Pierre Dubuc (born Jean-Pierre Dubuc May 25, 1947 in Montreal, Quebec) is the director and editor of L'aut'journal, a progressive monthly paper. He is one of the founders of SPQ Libre, a left-wing political club within the Parti Québécois.

Biography 
Pierre Dubuc completed studies in political science at the Université de Montréal. He eventually became active within the Marxist-Leninist movement En lutte!. He departed the group later in the 1970s, finding it not enough to the left, to join the Union bolchévique. Dubuc founded in 1984, the monthly paper called L'aut'journal, of which he is now director and editor. In 1996, he contributed to the creation of the Chaire d'études socio-économiques de l'UQÀM, which he directed for two years.

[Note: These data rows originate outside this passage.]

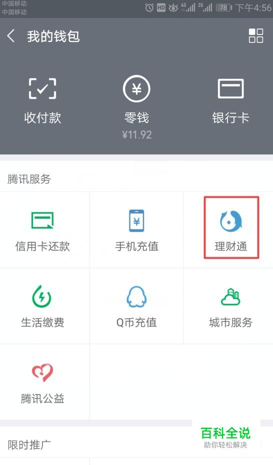 弹出的界面,我们点击理财通;
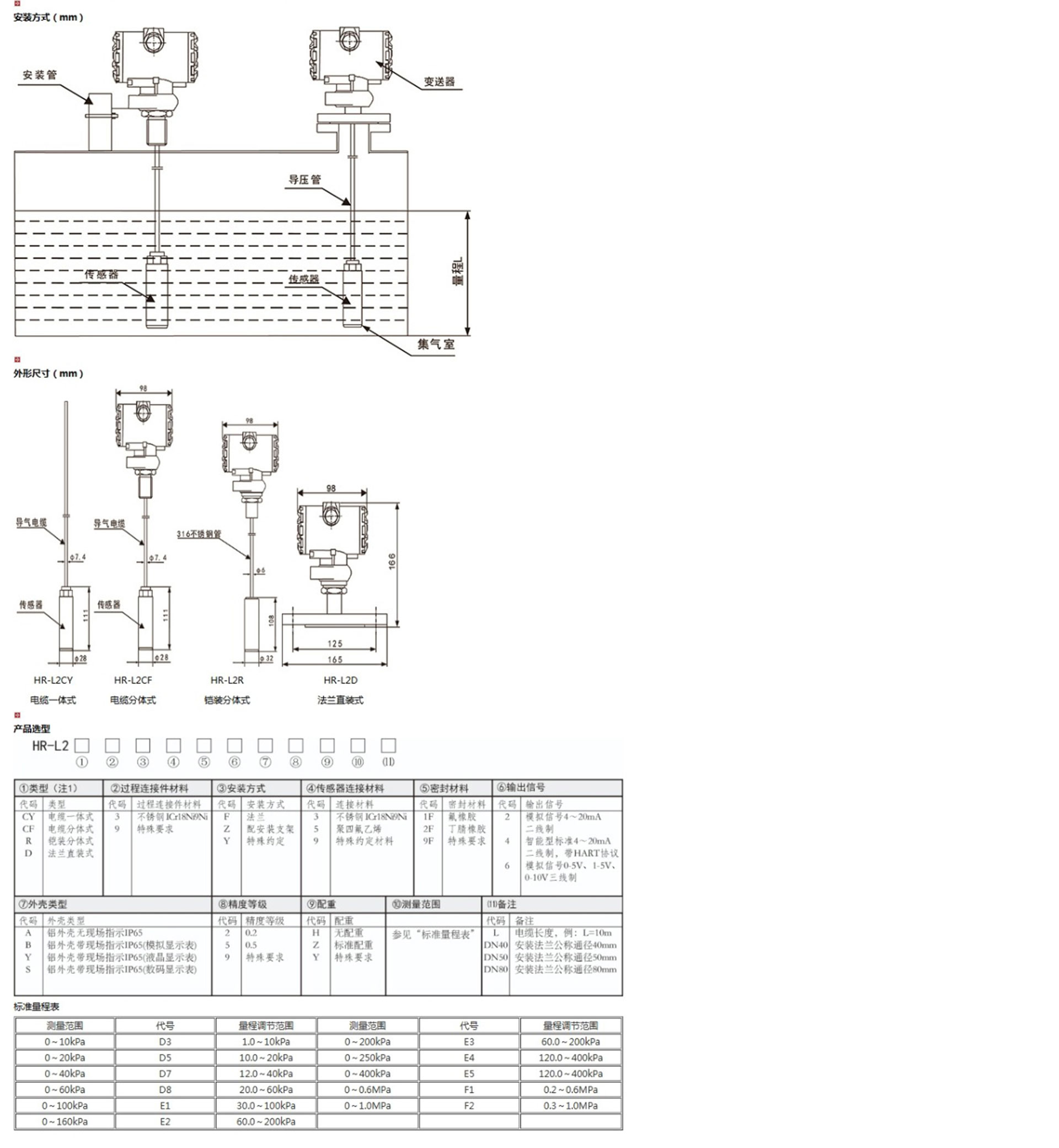 HR-L系列靜壓液位變送器使用進口高精度、高穩(wěn)定性擴散硅壓力敏感芯片,通過高可靠性的放大電路,將被測液體的液位信號轉(zhuǎn)換成4~20mA DC標準信號。
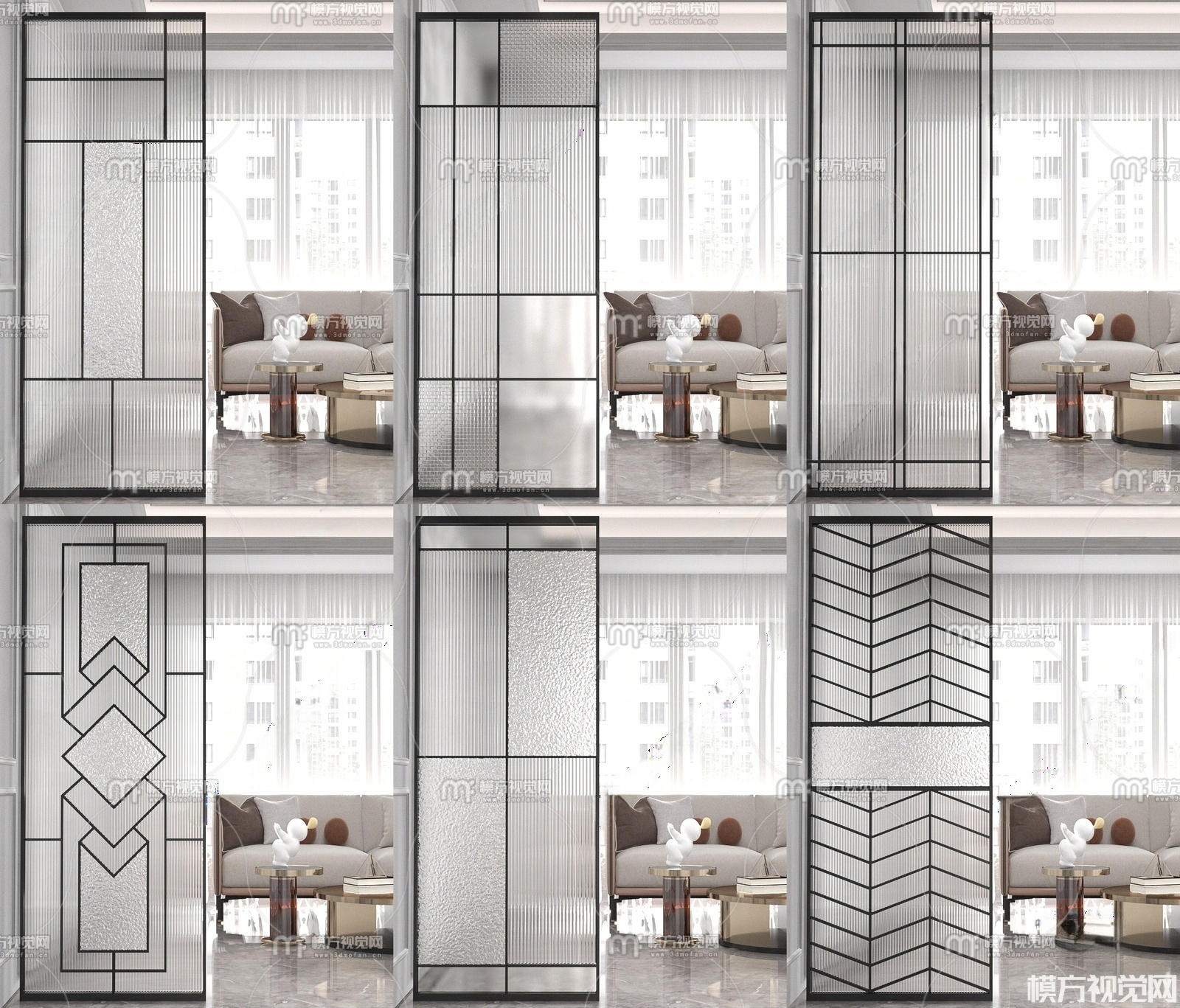 现代玻璃屏风隔断3D模型(ID:0033130)
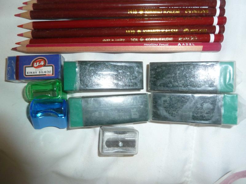 48 ADET ADEL FATİH ATLAS MARKA KIRMIZI KURŞUN KALEM 3 ADET KALEMTRAŞ BİRİ METAL FABER MARKA 2 DE YEDEK BIÇAĞI MEVCUT 6 ADET ÖZEL KALİTELİ FABER MARKA ÇİZİM SİLGİSİ ADINIZA FATURADA KESİLECEKTİR ARAS KARGO İLE GÖNDERİLECEK
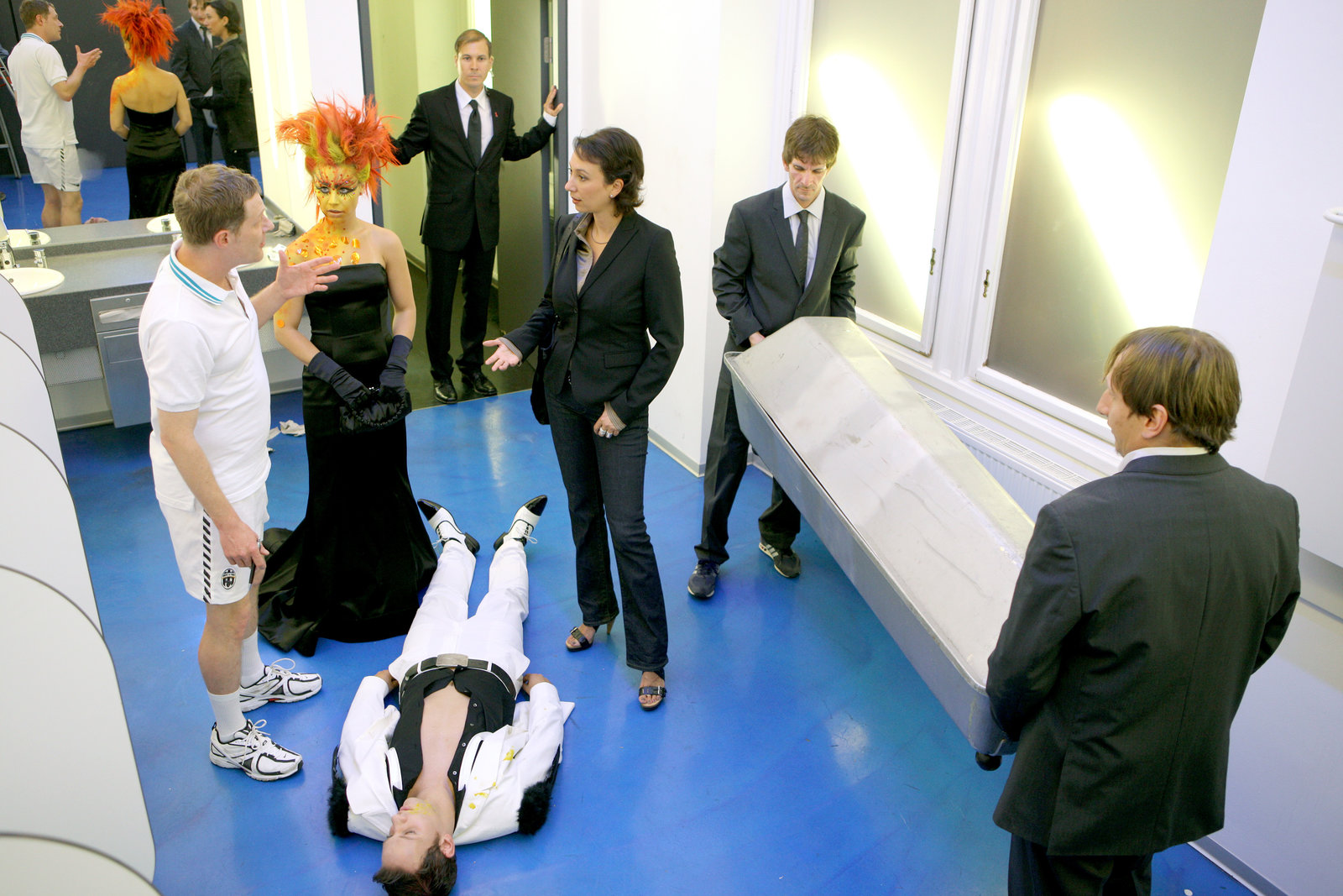 Klaus Karner"Schnell ermittelt", "Klaus Karner." Klaus Karner haucht sein Leben während des Wiener Life Balls am Herrenklo aus. Maja, die sich unter den Gästen befindet, verteidigt den Tatort so lange, bis Angelika eingetroffen ist. Als sich herausstellt, dass Karner ein Polizist und homosexuell war, scheint alles auf einen Mord im Schwulenmilieu hinzudeuten. Doch es geht um nichts Geringeres als um die Macht der Liebe.Im Bild (v.li.): Andreas Lust (Stefan Schnell), Katharina Straßer (Maja Landauer), David Miesmer (Klaus Karner), Thomas Groß (Securtity), Ursula Strauss (Angelika Schnell).Bild: © One
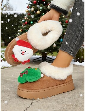 Bottes de neige de Noël camel pour femmes avec motif Père Noël et sapin de Noël - doublure en fourrure pelucheuse, bottines confortables et décontractées doublées de polaire pour la saison des fêtes,

He joined the Parti Québécois in 2004 when the pro-union, progressive SPQ Libre was founded, with his assistance. He declared on July 20, 2005 his intention to enter the Parti Québécois leadership election of 2005 in the name of the SPQ Libre. His candidacy was approved unanimously by the SPQ Libre on August 15, 2005, and confirmed by the Parti Québécois on September 9, 2005. He won 1,282 votes or 1.2% of the ballots cast.

Bibliography 
 L'autre histoire de l’indépendance, Éditions Trois-Pistoles, 2003.
 Manifeste du SPQ Libre, Éditions Trois-Pistoles, 2005.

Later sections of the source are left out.